Erik_L · ‎10-26-2023

I need to create a workflow that pulls recent data from a database every two minutes, then transforms that data in various ways, and appends the results to a final table. The problem is that some of these changes _might_ update existing rows in the final table and I need to resolve the differences, because only columns with new data should be updated. That is, sometimes data can be delayed for a specific `event_time`. For example, `did_foo_value_exceed_n` should be updated when a foo comes in for an older `event_time`.

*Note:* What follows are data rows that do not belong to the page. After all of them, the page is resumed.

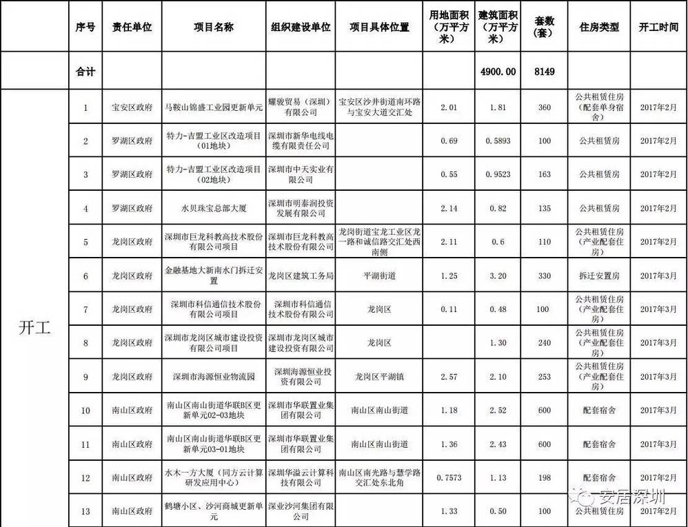 『深圳市2017年一季度保障性安居工程已开工、筹集项目表 』
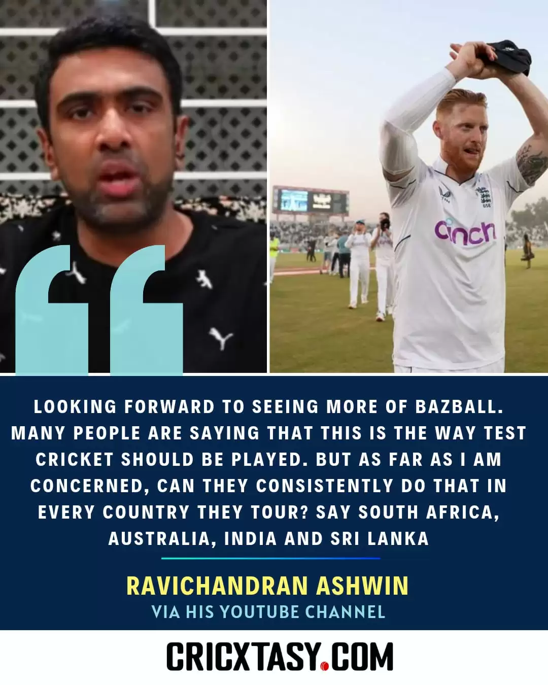 Ashwin praised the three lions for their incredible triumph in the first Test in Rawalpindi against Pakistan, wherein Stokes & company reigned supreme to score 657 and 264/7 declared at a tempo above 6 runs an over and then toppled off the hosts for 579 and 268 on a docile surface in an equally impressive bowling display.
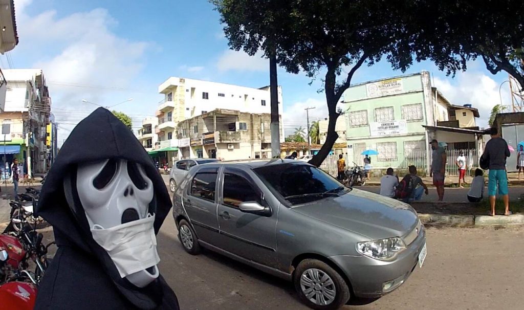 “Vestimos uma pessoa de morte e colocamos câmera na foice. Foi uma experiência social minha com um amigo para poder ver qual a sensação das pessoas em ver que tá todo mundo arriscando sua vida por R$ 600. E as pessoas paravam pra tirar foto com a morte!”, relata Bruno Veiga, que teve a ideia juntamente com o amigo Lauri Fernandes.
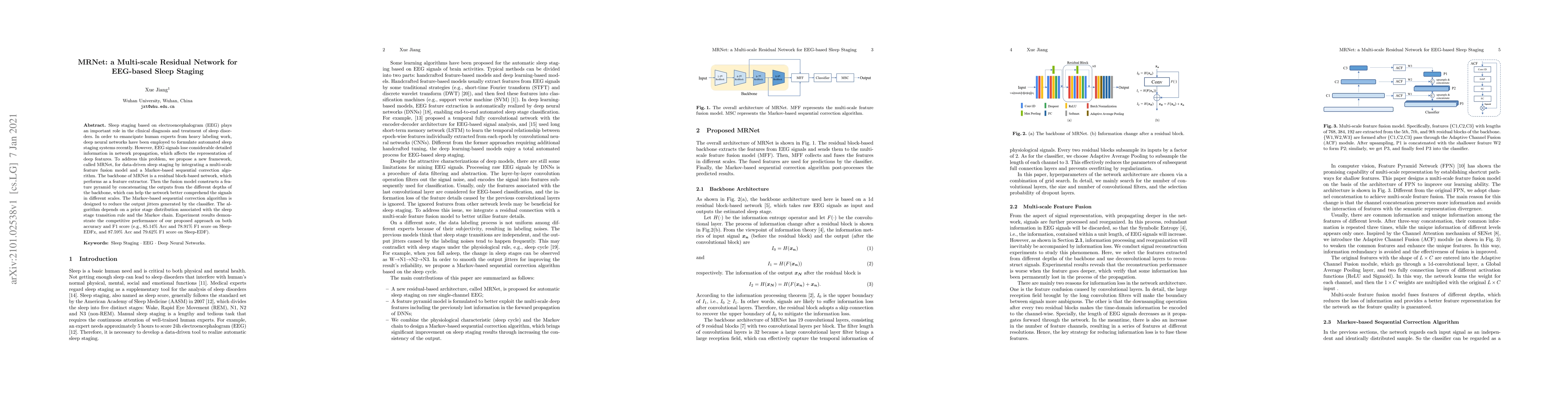 MRNet is a multi-scale residual network designed for automated EEG-based sleep staging, integrating feature fusion and Markov-based sequential correction to enhance feature representation and reduce classifier jitters, achieving high accuracy and F1 scores.
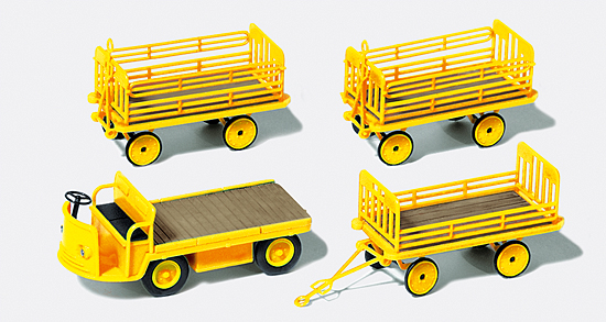 Preiser 17121 – H0 Elektrokarre mit 3 Anh.DP.Ep.III,Bausatz
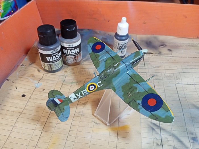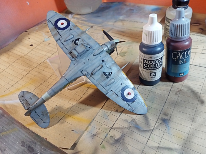 Поскольку модель и так не идеальна, на ней я решил побаловаться с грязью, нагаром, и прочим обгадингом. Представим так: наш Спитфайр видел некоторое дерьмо активно сражался в небе над Европой, летал сквозь столбы и клубы маслянистого дыма, стрелял из всех орудий, коптил движком на форсаже, а потом ещё и усталый садился отдохнуть на грунтовые аэродромы. А у техников времени-то и было только залить горючку и зарядить ленты в ящики, в общем не до косметики. Начнём с акриловых смывок Vallejo Wash. После высыхания растушёванных потёков, задуем модель полуматовым лаком. Вообще на фото Спитфайры очень даже блестят, но наш такой весь грязный ветеран, что чистый глянец будет смотреться нелепо.
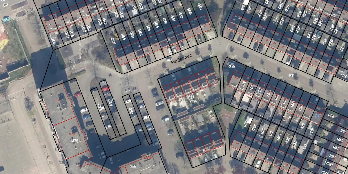 Het perceel waarop Parijsstraat 173 staat heeft een oppervlakte van 1542 m². Dit is een zeer groot perceel. De perceeloppervlakte wordt geregistreerd door het Kadaster. Gedetailleerde informatie over de maten van dit perceel kunt u vinden in het rapport Kadastrale kaart met maatvoering van Parijsstraat 173.
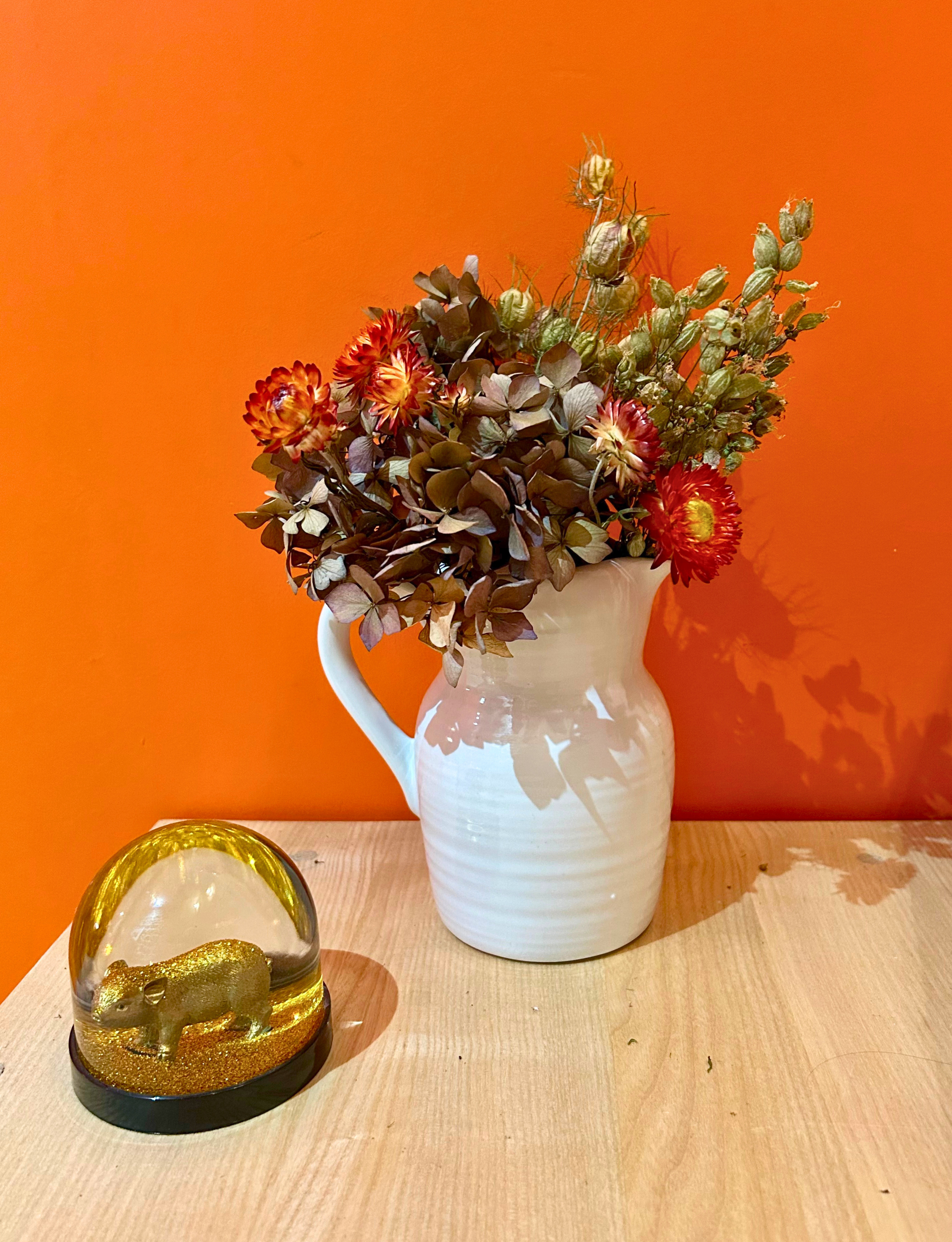 Le petit cochon pailleté sur la photo sert de repère pour que vous puissiez vous faire une idée de la taille des vases et des pots.

Anyway, I attempted to do this in Delta Live Tables. However, you cannot pull from a future table to join and merge changes before applying a CDC. I created a normal PySpark script that runs the merge and applies the merge with DeltaTable, but this cannot be used with a Delta Live Tables pipeline, because Workflows don't allow separate compute (Delta Live Tables compute vs Workflow compute) to access the same tables, so I can't take the result of the Delta Live Tables pipeline.

The biggest issue is that I can't use a triggered workflow because the time to retrieve compute is longer than the time I need to run this pipeline. Is there any way I can keep compute between Workflow runs?

jose_gonzalez · ‎11-01-2023

Hi @Erik_L ,

Just a friendly follow-up. Have you had a chance to review my colleague's response to your inquiry? Did it prove helpful, or are you still in need of assistance? Your response would be greatly appreciated.

Manisha_Jena · ‎11-10-2023

Hi @Erik_L,

As my colleague mentioned, to ensure continuous operation of the Delta Live Tables pipeline compute during Workflow runs, choosing a prolonged Databricks Job over a triggered Databricks Workflow is a reliable strategy. This extended job will maintain an ongoing Spark context, enabling the seamless execution of essential data transformations and merging tasks.

Please let me know if it resolves the issue.